How COVID-19 Will Drive Adoption of Natural Language Processing
Harry Potter and his wizard friends often hit the books to solve a mystery. They spent hours searching library stacks trying to learn about Nicolas Flamel, eventually discovering that he created the Elixir of Life.
Outside the wizarding world, we don’t have enough time to read everything. This is one reason the COVID-19 virus remains a mystery to doctors, researchers and political leaders. They just don’t have time to connect the dots. But that is going to change.
On March 16, the White House asked experts across the public and private sector for help understanding 29,000 articles about COVID-19, SARS-CoV-2, and the Coronavirus group. Organizations including Microsoft, the Chan Zuckerberg Initiative and Georgetown helped collect the articles, which swelled to 44,000 in two weeks. Google Cloud’s Kaggle platform hosts both the articles and analytics tools that experts worldwide contribute.

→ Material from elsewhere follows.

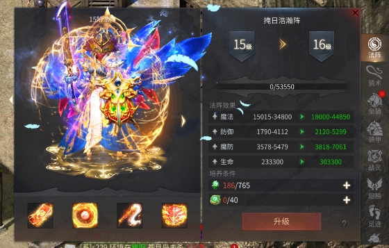 法阵系统是《傲世龙城3D》中提升角色实力的重要途径之一。通过合理升级法阵,玩家可以获得显著的属性提升和特殊的套装属性。

Healthcare, life sciences and academic organizations will use natural language processing (NLP) and machine learning (ML) in particular to tackle this challenge. NLP refers to the subset of AI that summarizes, translates and/or responds to speech or text. NLP often relies on ML to improve its accuracy by learning from word patterns. Together these technologies will help explore and analyze the fast-growing body of research on COVID-19.
Many industries benefit from NLP because it saves experts the trouble of reading everything. Lawyers use NLP to rapidly identify relevant legal precedents or regulatory requirements. Engineers use NLP to automatically scan myriad articles, then drill into the most relevant passages for their research effort. Chemists use it to quickly collate a wide range of peer findings before drawing their own conclusions.
NLP similarly speeds and enriches medical research of all types. Doctors, academics and scientists navigate more documents, faster, than they would otherwise. They discover more facts and correlate more data points per hour, freeing up time to apply their irreplaceable domain knowledge to the most actionable material.
OpenText Magellan, for example, helps navigate and process technical medical text. It exposes key entities and topics, such as “antibiotics” or “pneumonia,” and converts them to search filters. Analysts can quickly sort numerous documents by entity, topic or type. They can get a quantified summary of references to entities such as drugs, symptoms, organizations or locations – perhaps 3 references to China, 17 to the United States, etc. They can peruse short auto-written summaries of documents turned up by a given search.
How do Magellan and other NLP-enabled products penetrate the jargon? They provide preconfigured, industry-specific taxonomies that users customize both manually and automatically via ML. While nothing replaces human expertise, NLP gives the experts a head start and a map of the territory.
Such features will help COVID-19 experts quickly identify nuggets floating in that ocean of text. They will accelerate their research in the areas of diagnosis, vaccine development, clinical trials and assessments of population health risks. Here are a few examples.
- Cast a wide net. Researchers will broaden their source data by using ML-enabled NLP to translate terms across disciplines or time. For example, when they search for “H1N1,” NLP will turn up documents for the “Spanish Influenza” of 1918 once it learns they are the same virus.
- Speed things up. Academics, biotech firms and pharmaceutical firms developed more than 40 potential vaccines for COVID-19 so far, and Johnson & Johnson aims to start human trials in September. NLP can help identify risky side effects of a vaccine candidate faster by improving the breadth and accuracy of searches of clinical trial records for vaccine components such as proteins.
- Make new correlations. ML-enabled NLP creates lucky surprises by connecting dots across disciplines that normally don’t overlap. Researchers can easily search for new types of documents for certain symptoms or treatment outcomes, confident they are making the necessary translations of key terms. Chris Wynder, a Ph.D. in molecular genetics and currently Product Marketing Director at OpenText, likens NLP to a super version of the lead character in the hit TV show “House,” who solves medical mysteries by drawing on his encyclopedic knowledge of seemingly unrelated facts.
These NLP capabilities also help govern data. Analysts can organize documents with common formats and metadata. Compliance personnel can use NLP to identify and filter Personally Identifiable Information (PII) for auditing purposes. Data stewards can use NLP-generated metadata and terminology to help build data catalogs and business glossaries.
COVID-19 forces all types of health-related organizations to open up and share their data. As they do so, they will increase usage of NLP to navigate different formats, languages, terminologies, and biases, and other industries will follow. Doctor House is on the way.